▶ _PROVIDED RECORDS_:
━━━━━━━━━━━━━━━━
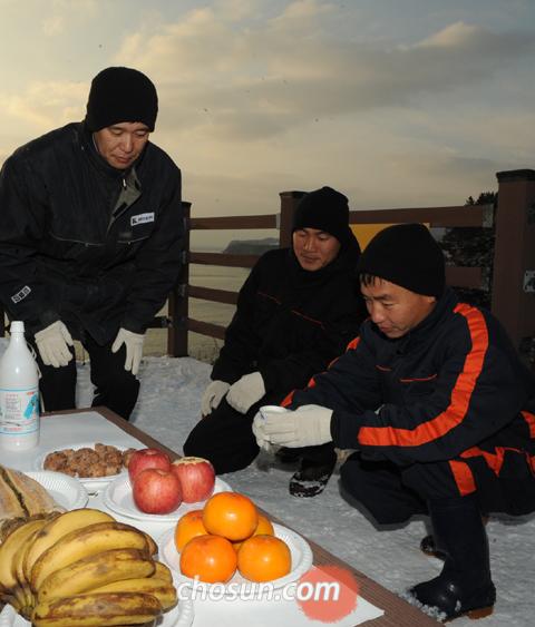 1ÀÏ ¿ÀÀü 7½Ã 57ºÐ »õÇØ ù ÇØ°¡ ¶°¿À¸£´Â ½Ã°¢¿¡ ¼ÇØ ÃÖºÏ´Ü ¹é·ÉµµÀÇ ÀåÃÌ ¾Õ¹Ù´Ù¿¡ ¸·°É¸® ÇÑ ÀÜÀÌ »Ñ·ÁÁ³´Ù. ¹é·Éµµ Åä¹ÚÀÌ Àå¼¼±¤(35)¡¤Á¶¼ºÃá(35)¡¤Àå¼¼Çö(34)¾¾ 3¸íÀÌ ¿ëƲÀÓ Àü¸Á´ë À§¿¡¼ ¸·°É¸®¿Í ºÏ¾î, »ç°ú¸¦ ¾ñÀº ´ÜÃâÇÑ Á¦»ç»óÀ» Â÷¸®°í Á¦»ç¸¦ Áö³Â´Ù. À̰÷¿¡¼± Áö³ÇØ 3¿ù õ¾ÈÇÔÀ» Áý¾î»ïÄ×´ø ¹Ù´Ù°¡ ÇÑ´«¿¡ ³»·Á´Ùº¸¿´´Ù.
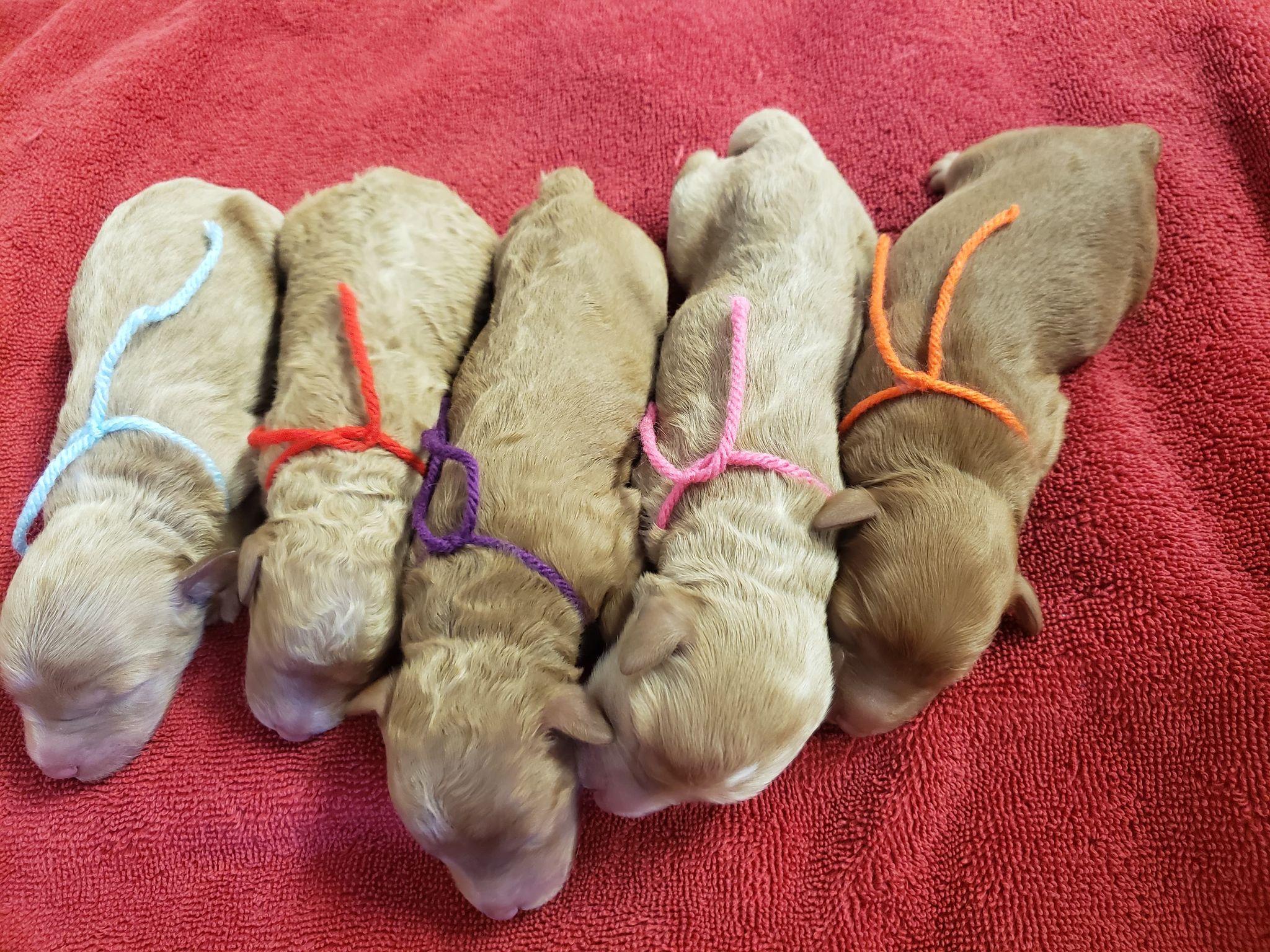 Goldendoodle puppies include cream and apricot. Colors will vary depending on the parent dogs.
━━━━━━━━━━━━━━━━
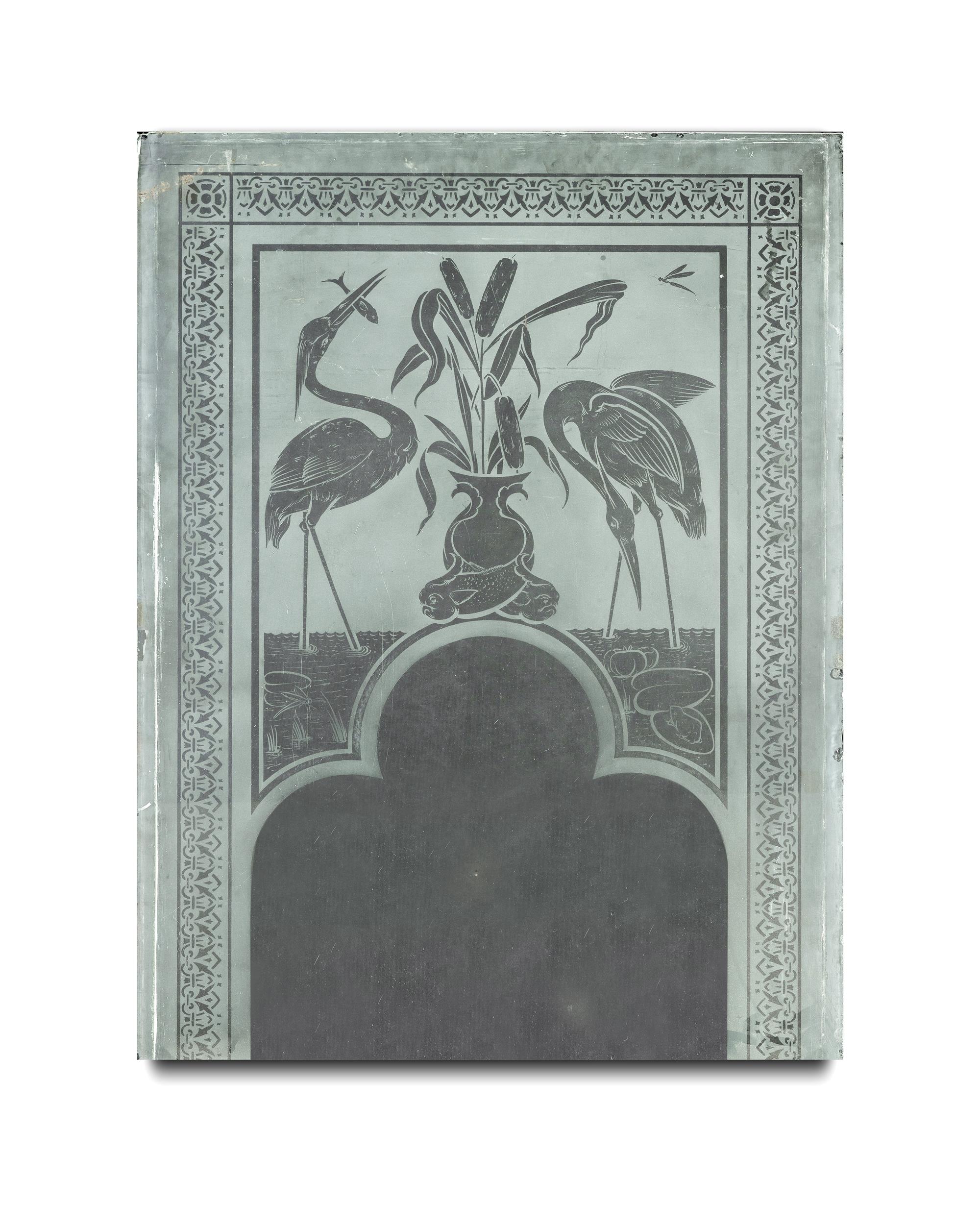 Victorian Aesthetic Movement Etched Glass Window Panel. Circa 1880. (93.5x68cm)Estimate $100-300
━━━━━━━━━━━━━━━━
▶ _YOUR TASK_: Here the job is to copy the listing above word for word, starting at the line with "1ÀÏ ¿ÀÀü 7½Ã" and ending at the line with "Goldendoodle puppies include", and to leave out the pictures.

▶ _SOLUTION TO THE EXERCISE_:
 1ÀÏ ¿ÀÀü 7½Ã 57ºÐ »õÇØ ù ÇØ°¡ ¶°¿À¸£´Â ½Ã°¢¿¡ ¼ÇØ ÃÖºÏ´Ü ¹é·ÉµµÀÇ ÀåÃÌ ¾Õ¹Ù´Ù¿¡ ¸·°É¸® ÇÑ ÀÜÀÌ »Ñ·ÁÁ³´Ù. ¹é·Éµµ Åä¹ÚÀÌ Àå¼¼±¤(35)¡¤Á¶¼ºÃá(35)¡¤Àå¼¼Çö(34)¾¾ 3¸íÀÌ ¿ëƲÀÓ Àü¸Á´ë À§¿¡¼ ¸·°É¸®¿Í ºÏ¾î, »ç°ú¸¦ ¾ñÀº ´ÜÃâÇÑ Á¦»ç»óÀ» Â÷¸®°í Á¦»ç¸¦ Áö³Â´Ù. À̰÷¿¡¼± Áö³ÇØ 3¿ù õ¾ÈÇÔÀ» Áý¾î»ïÄ×´ø ¹Ù´Ù°¡ ÇÑ´«¿¡ ³»·Á´Ùº¸¿´´Ù.
 Goldendoodle puppies include cream and apricot. Colors will vary depending on the parent dogs.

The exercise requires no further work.